**EXERCISE GOAL**
Each line below must be reproduced exactly, though the pictures are to be dropped.

**DATA EXCERPT**
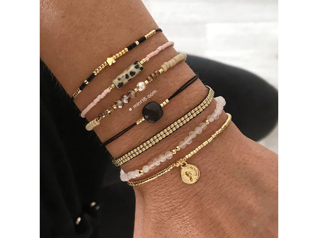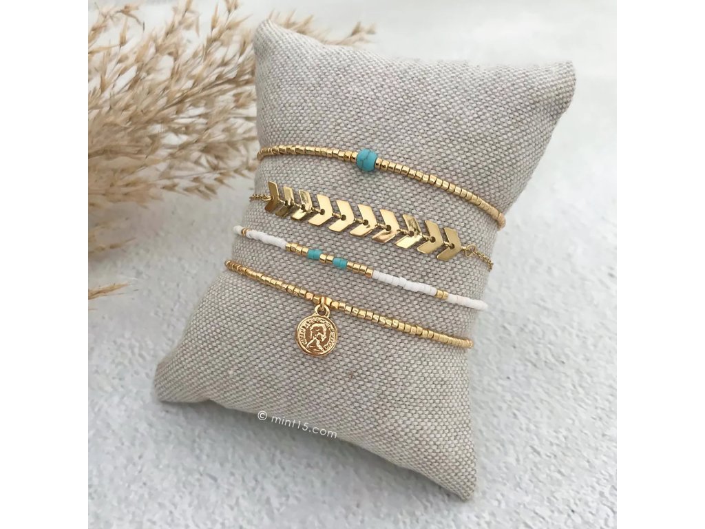 - Okouzlující náramek z pozlacených korálků Miyuki a medailonku uprostřed (7mm). Ideální ke kombinaci s dalšími náramky Mint15.
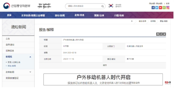 韓國“修訂版”智能機(jī)器人法案全面生效:授予行人身份,可在人行道通行 10:13:49
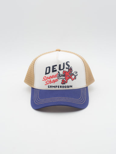 Gorra estilo trucker de Deus Ex Machina Gorra estilo trucker con estructura y visera curva Frontal blanco, visera azul oscuro y rejilla marrón...
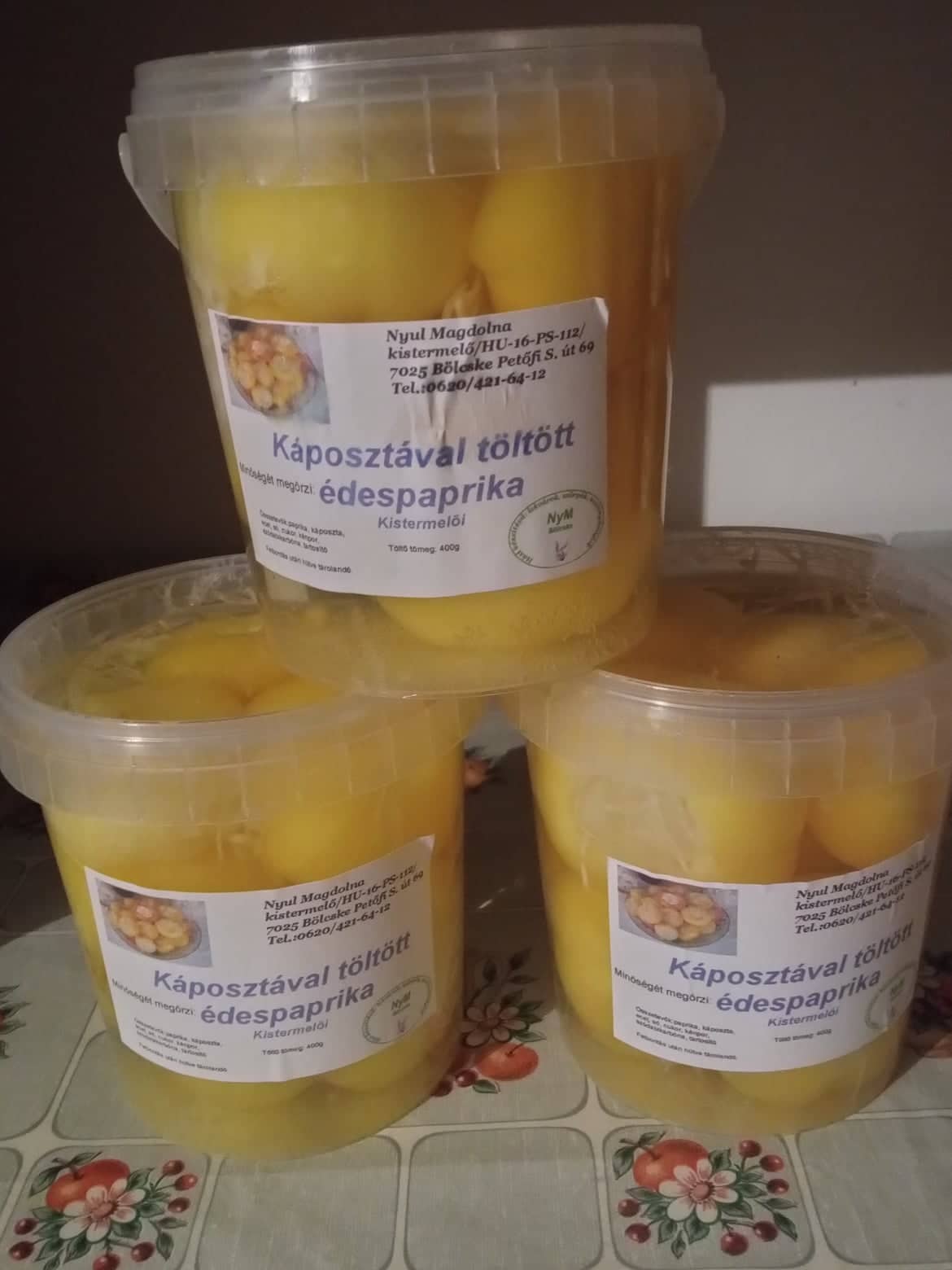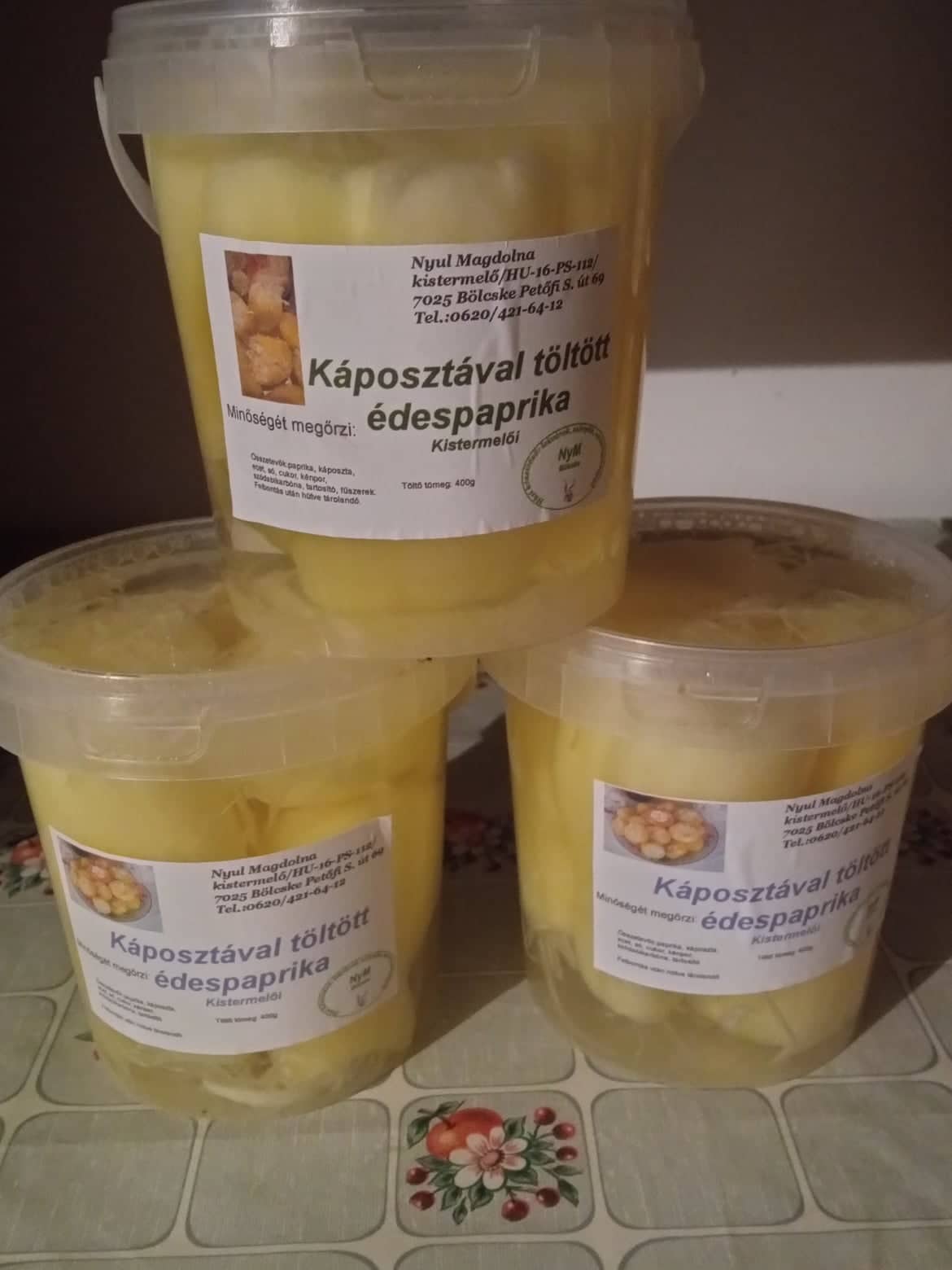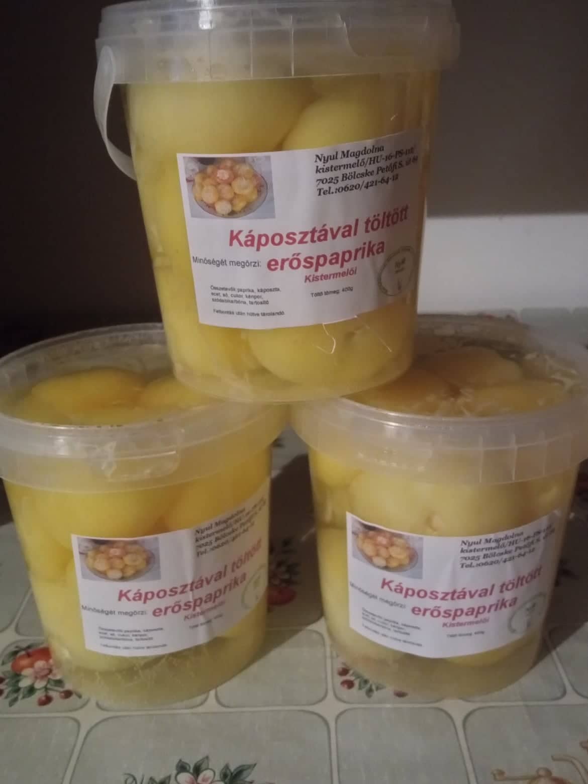 Összetevő: paprika, káposzta, ivóvíz, só, ecet, cukor, na-benzoat, borkén, szódabikarbóna

**SOLUTION TO THE EXERCISE**
 - Okouzlující náramek z pozlacených korálků Miyuki a medailonku uprostřed (7mm). Ideální ke kombinaci s dalšími náramky Mint15.
 韓國“修訂版”智能機(jī)器人法案全面生效:授予行人身份,可在人行道通行 10:13:49
 Gorra estilo trucker de Deus Ex Machina Gorra estilo trucker con estructura y visera curva Frontal blanco, visera azul oscuro y rejilla marrón...
 Összetevő: paprika, káposzta, ivóvíz, só, ecet, cukor, na-benzoat, borkén, szódabikarbóna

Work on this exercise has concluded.